* **TASK PROMPT**: The part below that opens with the line containing "SLV Numinos Gimble XS LED-Einbauleuchte 1010028" and closes with the line containing "This modern photo" should be copied exactly, minus any pictures.

* **GIVEN RECORDS**:
▼
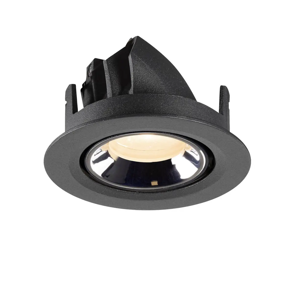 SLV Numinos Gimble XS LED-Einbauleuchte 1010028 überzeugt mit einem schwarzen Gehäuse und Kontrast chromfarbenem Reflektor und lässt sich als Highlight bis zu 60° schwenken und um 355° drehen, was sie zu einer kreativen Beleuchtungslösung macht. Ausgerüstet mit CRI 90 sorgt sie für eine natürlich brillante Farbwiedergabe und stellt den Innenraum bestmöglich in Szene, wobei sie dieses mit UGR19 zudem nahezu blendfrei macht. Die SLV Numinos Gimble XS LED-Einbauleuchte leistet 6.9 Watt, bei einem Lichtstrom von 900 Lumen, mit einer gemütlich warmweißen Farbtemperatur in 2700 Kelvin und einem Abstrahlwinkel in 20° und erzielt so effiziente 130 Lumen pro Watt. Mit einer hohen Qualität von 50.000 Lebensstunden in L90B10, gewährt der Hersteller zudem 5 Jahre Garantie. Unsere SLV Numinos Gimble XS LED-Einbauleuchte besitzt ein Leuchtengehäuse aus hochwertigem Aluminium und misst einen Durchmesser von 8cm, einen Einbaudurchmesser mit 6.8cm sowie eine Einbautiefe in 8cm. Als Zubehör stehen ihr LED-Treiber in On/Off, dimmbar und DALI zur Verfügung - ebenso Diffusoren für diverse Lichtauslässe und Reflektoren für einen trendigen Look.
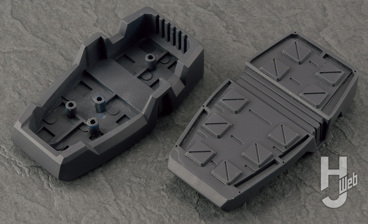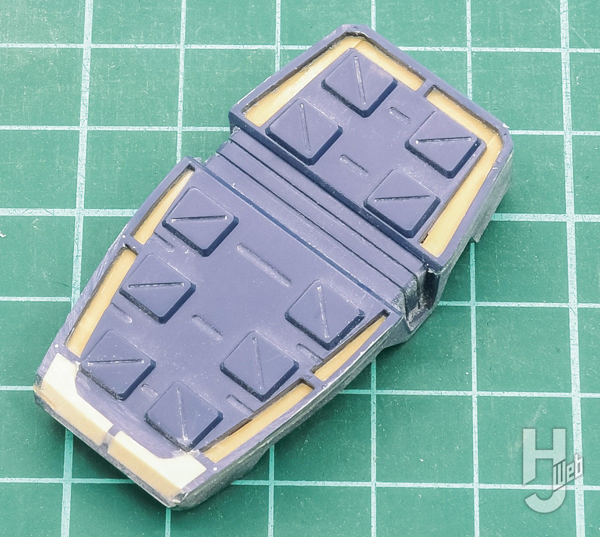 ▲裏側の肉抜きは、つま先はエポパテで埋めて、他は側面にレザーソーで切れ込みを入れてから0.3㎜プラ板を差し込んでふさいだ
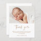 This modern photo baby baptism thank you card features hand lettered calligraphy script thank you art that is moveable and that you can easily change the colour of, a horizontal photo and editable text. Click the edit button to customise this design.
▲
▼
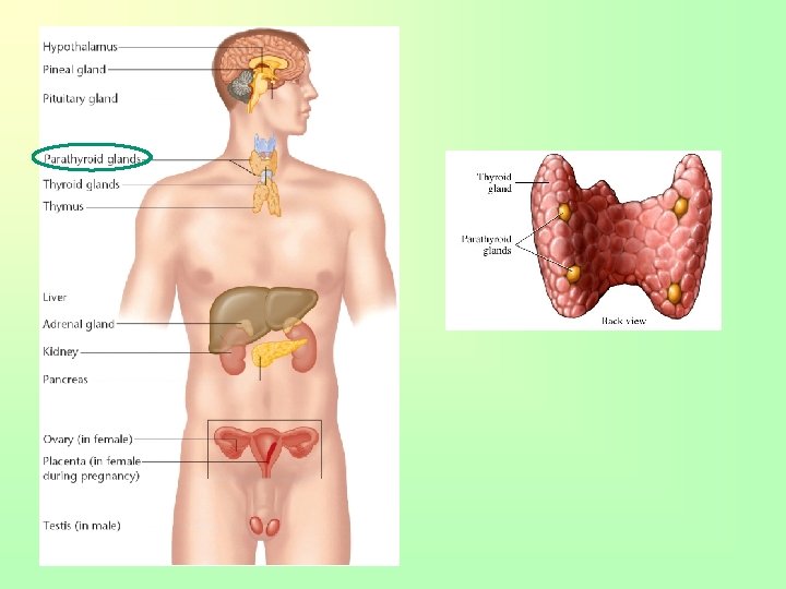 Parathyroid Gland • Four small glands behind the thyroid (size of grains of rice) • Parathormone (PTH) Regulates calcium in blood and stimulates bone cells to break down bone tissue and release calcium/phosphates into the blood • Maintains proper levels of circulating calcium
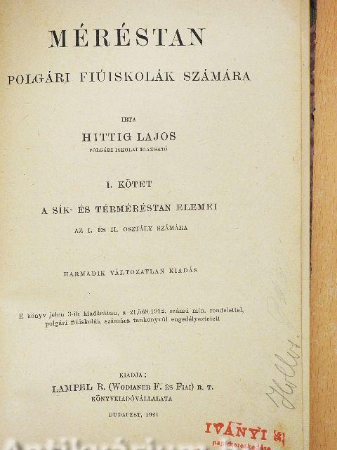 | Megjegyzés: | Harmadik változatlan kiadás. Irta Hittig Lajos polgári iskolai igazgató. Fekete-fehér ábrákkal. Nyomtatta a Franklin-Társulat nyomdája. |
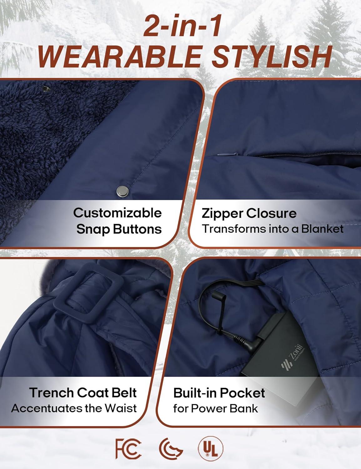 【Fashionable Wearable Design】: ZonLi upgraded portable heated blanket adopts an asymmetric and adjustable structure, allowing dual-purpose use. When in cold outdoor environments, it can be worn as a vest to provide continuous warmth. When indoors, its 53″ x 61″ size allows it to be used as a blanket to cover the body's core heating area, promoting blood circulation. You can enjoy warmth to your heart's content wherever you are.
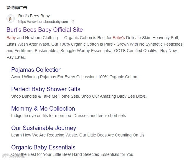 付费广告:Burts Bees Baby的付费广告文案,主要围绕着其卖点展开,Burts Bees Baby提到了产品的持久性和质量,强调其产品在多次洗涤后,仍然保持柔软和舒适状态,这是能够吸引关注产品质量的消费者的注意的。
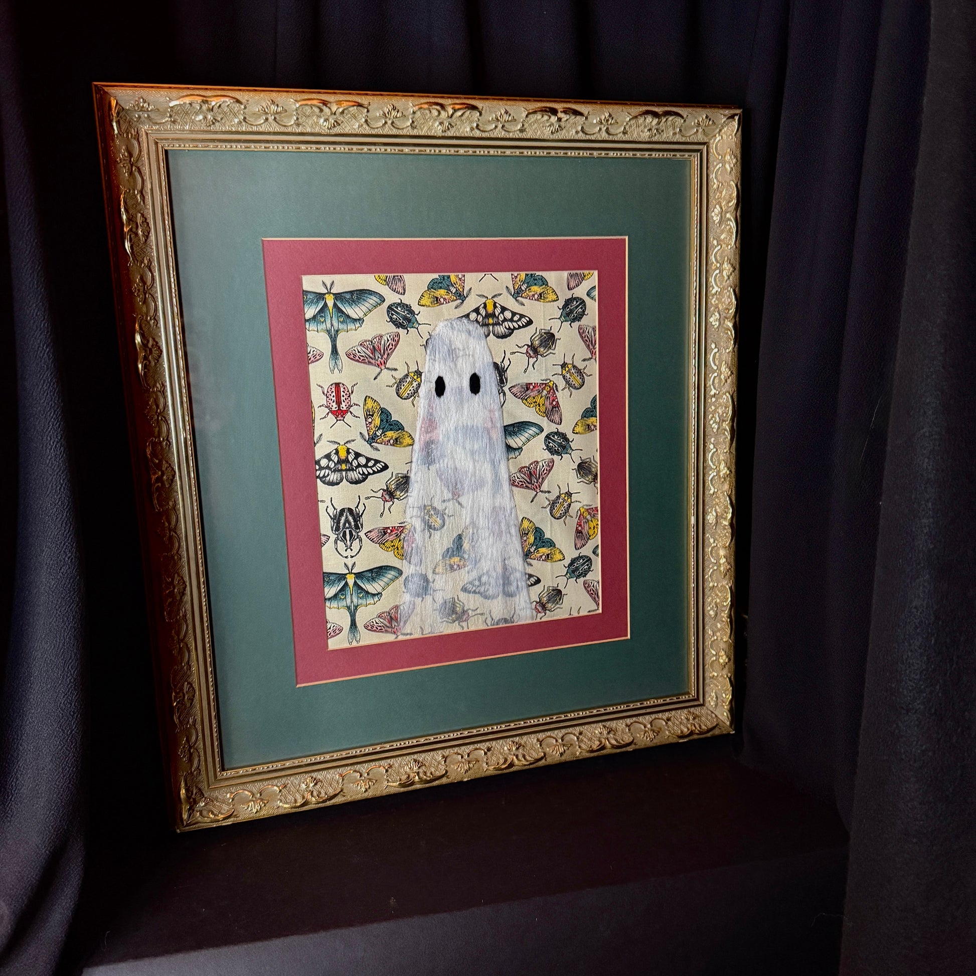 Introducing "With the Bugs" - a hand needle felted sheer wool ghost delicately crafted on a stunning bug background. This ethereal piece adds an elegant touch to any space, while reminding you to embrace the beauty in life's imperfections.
▲
* **EXERCISE RESPONSE**:
 SLV Numinos Gimble XS LED-Einbauleuchte 1010028 überzeugt mit einem schwarzen Gehäuse und Kontrast chromfarbenem Reflektor und lässt sich als Highlight bis zu 60° schwenken und um 355° drehen, was sie zu einer kreativen Beleuchtungslösung macht. Ausgerüstet mit CRI 90 sorgt sie für eine natürlich brillante Farbwiedergabe und stellt den Innenraum bestmöglich in Szene, wobei sie dieses mit UGR19 zudem nahezu blendfrei macht. Die SLV Numinos Gimble XS LED-Einbauleuchte leistet 6.9 Watt, bei einem Lichtstrom von 900 Lumen, mit einer gemütlich warmweißen Farbtemperatur in 2700 Kelvin und einem Abstrahlwinkel in 20° und erzielt so effiziente 130 Lumen pro Watt. Mit einer hohen Qualität von 50.000 Lebensstunden in L90B10, gewährt der Hersteller zudem 5 Jahre Garantie. Unsere SLV Numinos Gimble XS LED-Einbauleuchte besitzt ein Leuchtengehäuse aus hochwertigem Aluminium und misst einen Durchmesser von 8cm, einen Einbaudurchmesser mit 6.8cm sowie eine Einbautiefe in 8cm. Als Zubehör stehen ihr LED-Treiber in On/Off, dimmbar und DALI zur Verfügung - ebenso Diffusoren für diverse Lichtauslässe und Reflektoren für einen trendigen Look.
 ▲裏側の肉抜きは、つま先はエポパテで埋めて、他は側面にレザーソーで切れ込みを入れてから0.3㎜プラ板を差し込んでふさいだ
 This modern photo baby baptism thank you card features hand lettered calligraphy script thank you art that is moveable and that you can easily change the colour of, a horizontal photo and editable text. Click the edit button to customise this design.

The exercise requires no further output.